An array of rehab attempts and doctors’ visits later he underwent surgery on that problematic elbow — ask and he’ll show you the scar from where doctors surgically inserted a screw — the slow road to retaking the mound began anew.

“It’s obviously the toughest thing I’ve ever had to experience in my entire life,” Latz said of the process. “Just constantly trying to go out there and come back. Even last year, going out and feeling good for a couple days and then not. It really puts a toll on you mentally and you start to have doubts.”

Fans, coaches and members of the media alike have closely monitored Latz’s road to recovery, and his debut figures to create a greater sense of anticipation than usual around Tuesday’s in-state midweek contest.

Mainieri, though excited by the prospects of Latz’s return, did his best not to ramp up expectations for Latz nor Riley Smith, another hard-thrower set to retake the mound against the Cowboys Tuesday after missing time with an arm injury (shoulder soreness).

“We could certainly use the arms, there’s no question about that,” Mainieri said. “Let’s just see. I’m not going to start doing cartwheels until I see them out there pitching in a game and pitching successfully. They obviously have two of the better arms on our team.”

Latz’s said his parents, who now reside in Texas, will be making the drive in take in Tuesday’s proceedings.

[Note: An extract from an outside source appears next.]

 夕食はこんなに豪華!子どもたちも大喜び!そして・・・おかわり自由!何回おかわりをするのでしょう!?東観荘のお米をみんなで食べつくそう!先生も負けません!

The juices will be pumping as he takes the mound in front of a crowd for the first time, but once he’s out on that mound, keeping emotions somewhat in check will be key.

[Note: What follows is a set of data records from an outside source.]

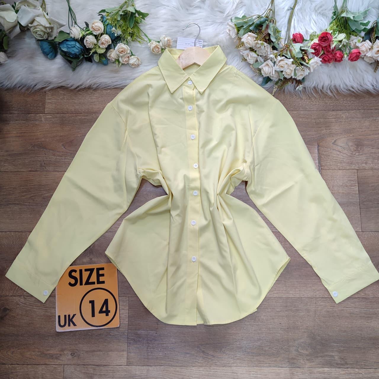 Yellow cotton collared long sleeved top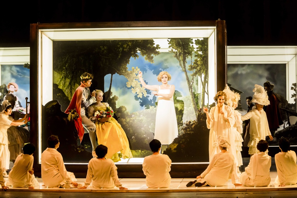 Находка же с «живыми картинами» в Калиновском замке, в которые, пытаясь напугать братьев с их слугой, то и дело внедрялись дочери Мечника, стала подлинной изюминкой спектакля. Картины-аллегории французских художников, которые в спектакле «висели» в замке, относятся уже к XVIII веку – эпохе сюжета оперы Монюшко, и в качестве таковых режиссер использовал два набора композиций – тетраптих Франсуа Буше «Четыре времени года» (1755) и четыре картины Жозефа-Мари Вьена, написанные в 1773–1774 годах. Среди них есть одна, название которой зеркально отражает обет Стефана и Збигнева: «Две молодые гречанки отрекаются от любви». Но как ни отрекались от любви братья-патриоты, любовь победила. И несмотря ни на что, великая сила оперного искусства победила тоже!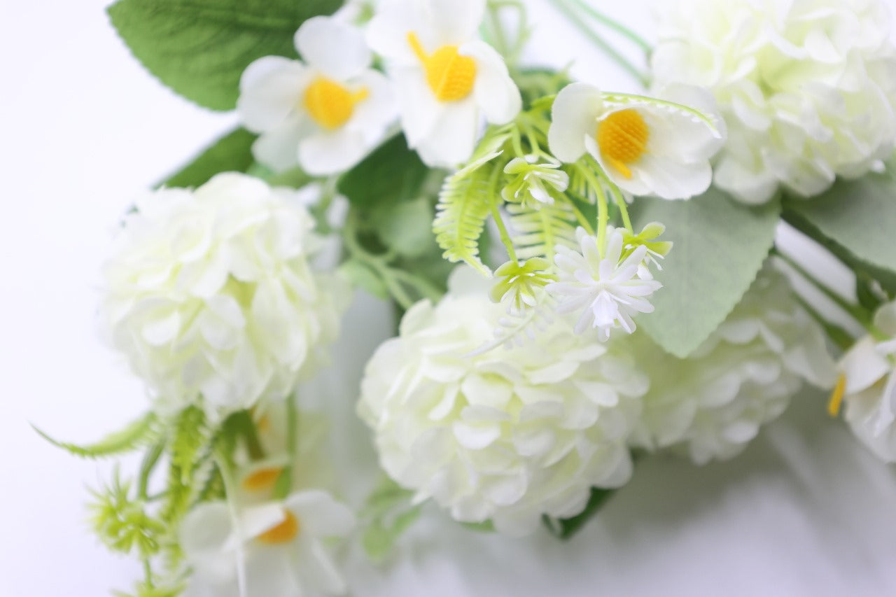 Our fake flowers are made from environmentally safe plastic, harmless and stable, plastic greenery keep fresh color without any care. All they require is an occasional dusting and a wipe with a damp cloth to remove any dirt.

“It’s a big buildup of what I’ve been looking forward to for two years now,” Latz said. “But then, once the first pitch is out there and once I get used to the crowd, then it’ll just be baseball and pitching again.”

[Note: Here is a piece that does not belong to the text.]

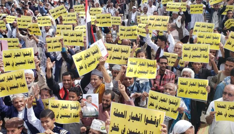 ووصل الوضع بالمواطنين في المناطق الجنوبية إلى التهافت على الحصول على العملة الورقية التي تتعامل بها حكومة صنعاء بسبب ارتفاع قيمتها بمقابل إنهيار العملة الجديدة التي أقدمت حكومة هادي على طباعتها خلال الأعوام الماضية والمقدرة بـ”تريليون ونصف” ريال، وبدون غطاء تأميني يحافظ على قيمتها الشرائية ما أدى إلى انهيارها..

Latz got his first taste of live action in a simulated game before practice last Wednesday under the watchful eyes of Mainieri and pitching coach Alan Dunn.

The hitters he faced reported a live fastball with arm-side run, a changeup he could throw where he wanted and a curveball the lefty didn’t quite have a feel for yet. His fastball reportedly topped out at 90 mph.

Freshman Brody Wofford, who played the role of hitter in last week’s sim game, said the lefty’s command surprised him a bit given the long layoff.

“He looked good, threw the ball good,” the left-handed swinging Wofford said. “Good changeup. Good curveball. It’s tough. He spots you up a lot on outside pitches.”

Dunn commented Latz’s control struck him as being consistent with what he’d seen in his various bullpen sessions and short boxes.

“When you’re delivery works, you repeat,” Dunn said. “There could have been a tendency to over-be-amped and lose some feel, but he stayed within himself well and, for the most part, threw the ball to the bottom of the zone. It was encouraging.”

For Dunn, the sight of Latz taking the walk from dugout to mound last Wednesday felt like a major step forward. To see him do it again with an opposing team in the opposite dugout and thousands of fans in the stands represents an even larger one.

“It’s been a long time coming for Jake to get to this point,” Dunn said. “Here’s a kid where he sees that light at the end has been real small, and now that thing is glowing and he has a chance to go out tomorrow and pitch.

“He’s going to be geeked up. If he wasn’t, I would be checking his pulse to figure out what’s going on.”

NEWS AND NOTES

– Third baseman O’Neal Lochridge (back) returned to practice Monday and, provided he feels good in the morning, declared himself ready for action. Mainieri, the man who makes such decisions, took more of a wait-and-see approach to his rookie infield’s prospects of returning to live action. “We’ll see how he looks today and judge him on that. He hasn’t done anything for a long time.” Lochridge said he hit in the cage by himself during the past weekend but hadn’t faced live pitching.